(Stored items)
● ● ● ● ●

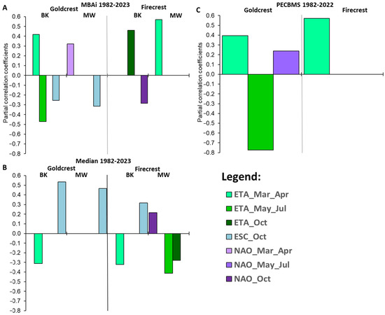 Coefficients of partial correlation (pR) between climate variables and abundance and timing for Goldcrest and Firecrest during 1982–2023 from the best multiple regression models (Table 1). (A) Relationships for Migrating Bird Abundance index (MBAi) at Bukowo-Kopań (BK) and Mierzeja Wiślana (MW) during autumn migration in 1982–2023; (B) Relationships for the median date of autumn migration at these stations in 1982–2023; (C) Relationships for the breeding population indices based on the Pan-European Common Bird Monitoring Scheme (PECBMS) in 1982–2022. Climate indices: NAO—North Atlantic Oscillation index, ETA—European Temperature Anomaly, ESC—Eurasian Snow Cover, abbreviations of months show the periods for which these indices were averaged. Model selections by AICc are presented in Tables S22–S26. The details of the best models are presented in Table 1.
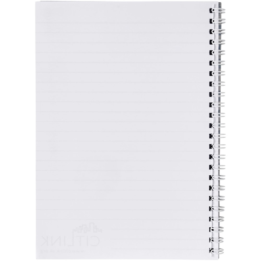 Desk-Mate® spiraal A5 notitieboek. Dit notitieboek heeft een witte of zwarte spiraal. Verkrijgbaar in verschillende maten. Bevat een omslag van glanskarton (250 g/m2) en (80 g/m2) blanco papier. Standaard geleverd met 50 vellen, ook verkrijgbaar met 80 vellen. Decoratie mogelijk op de omslag en op elk blad.
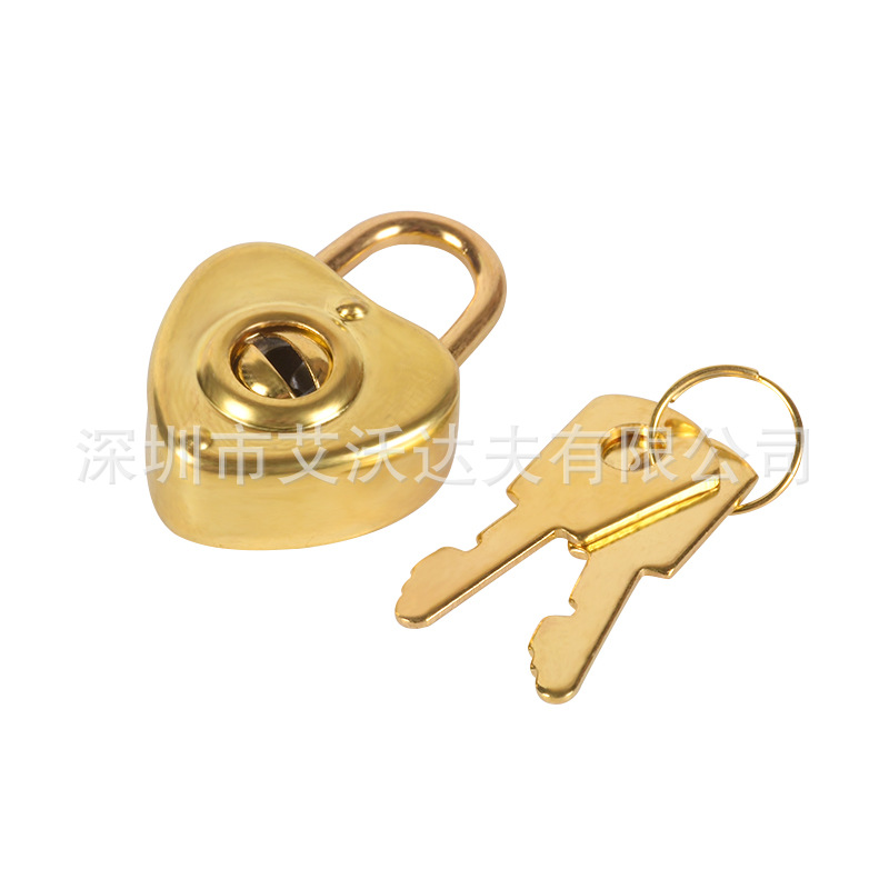 Gembok emas berbentuk hati, dengan klip kunci kotak alat tulis tas notebook aksesori gembok warna dapat diperbaiki
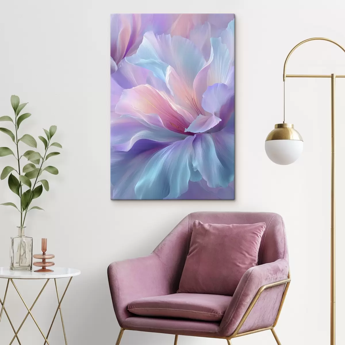 Vászonkép finom, fantáziadús virág, lila, kék és rózsaszín árnyalatú szirmokkal. Nr s45710
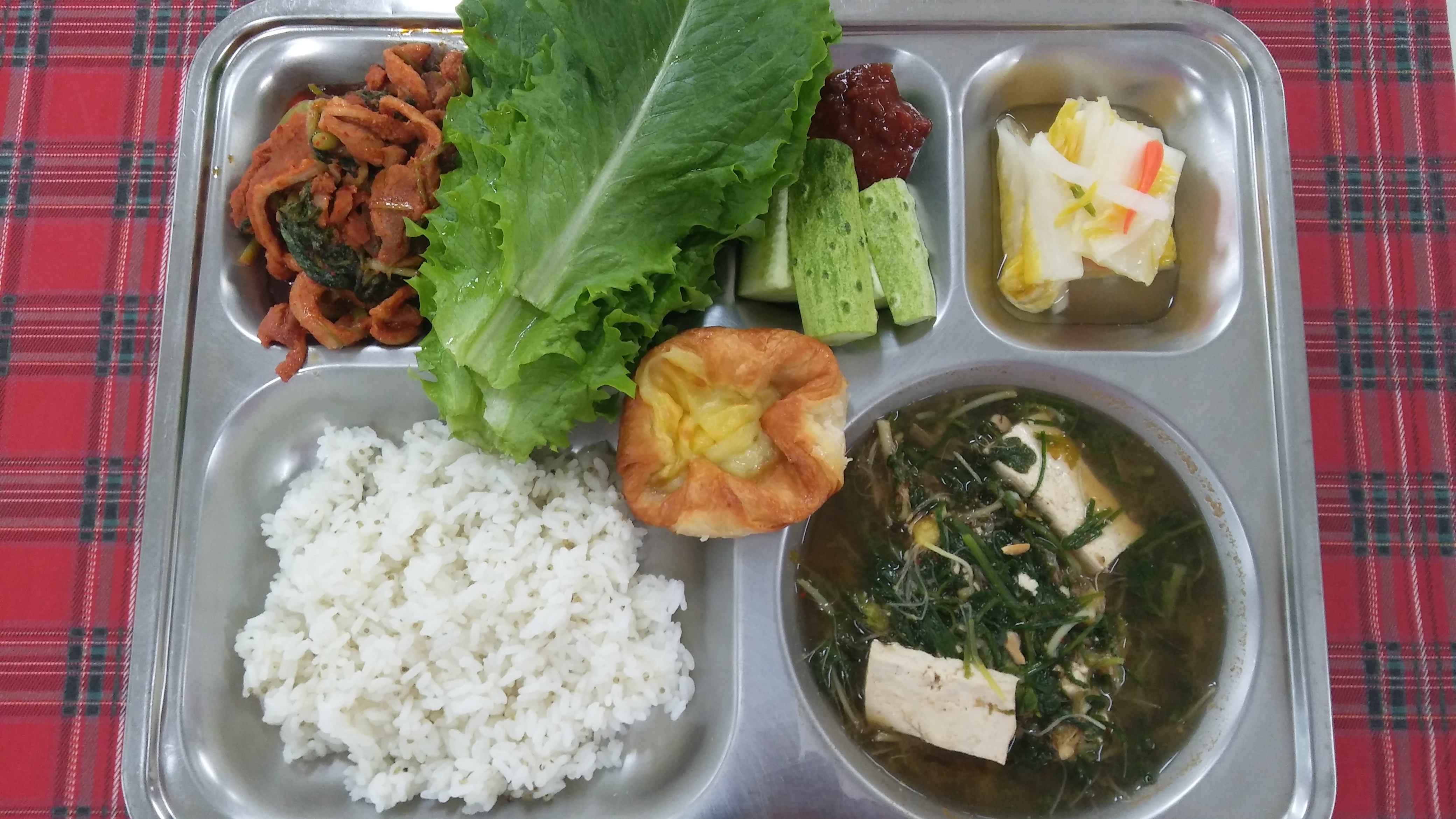 9일 중식 : 차조밥, 달래냉이된장국, 오리불고기, 친환경야채쌈/쌈장, 백김치, 바닐라크라운패스트리
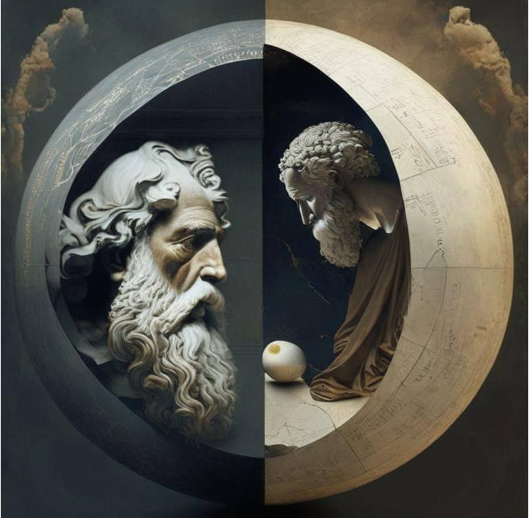 Это хорошо объяснил философ Эмпедокл. Согласно нему, жизнь появляется в результате сочленения отдельных органов. Представьте себе картины Иеронима Босха с изображением инфернальных миров. Где-то голова, где-то рука, где-то глаз. Всё это соединяется под действием любви в различные существа.

● ● ● ● ●

TASK DETAILS: The line that contains "Vászonkép finom, fantáziadús" opens the part to copy, and the last line of the records closes it; set down those lines exactly, pictures excluded.

WORKED SOLUTION:
 Vászonkép finom, fantáziadús virág, lila, kék és rózsaszín árnyalatú szirmokkal. Nr s45710
 9일 중식 : 차조밥, 달래냉이된장국, 오리불고기, 친환경야채쌈/쌈장, 백김치, 바닐라크라운패스트리
 Это хорошо объяснил философ Эмпедокл. Согласно нему, жизнь появляется в результате сочленения отдельных органов. Представьте себе картины Иеронима Босха с изображением инфернальных миров. Где-то голова, где-то рука, где-то глаз. Всё это соединяется под действием любви в различные существа.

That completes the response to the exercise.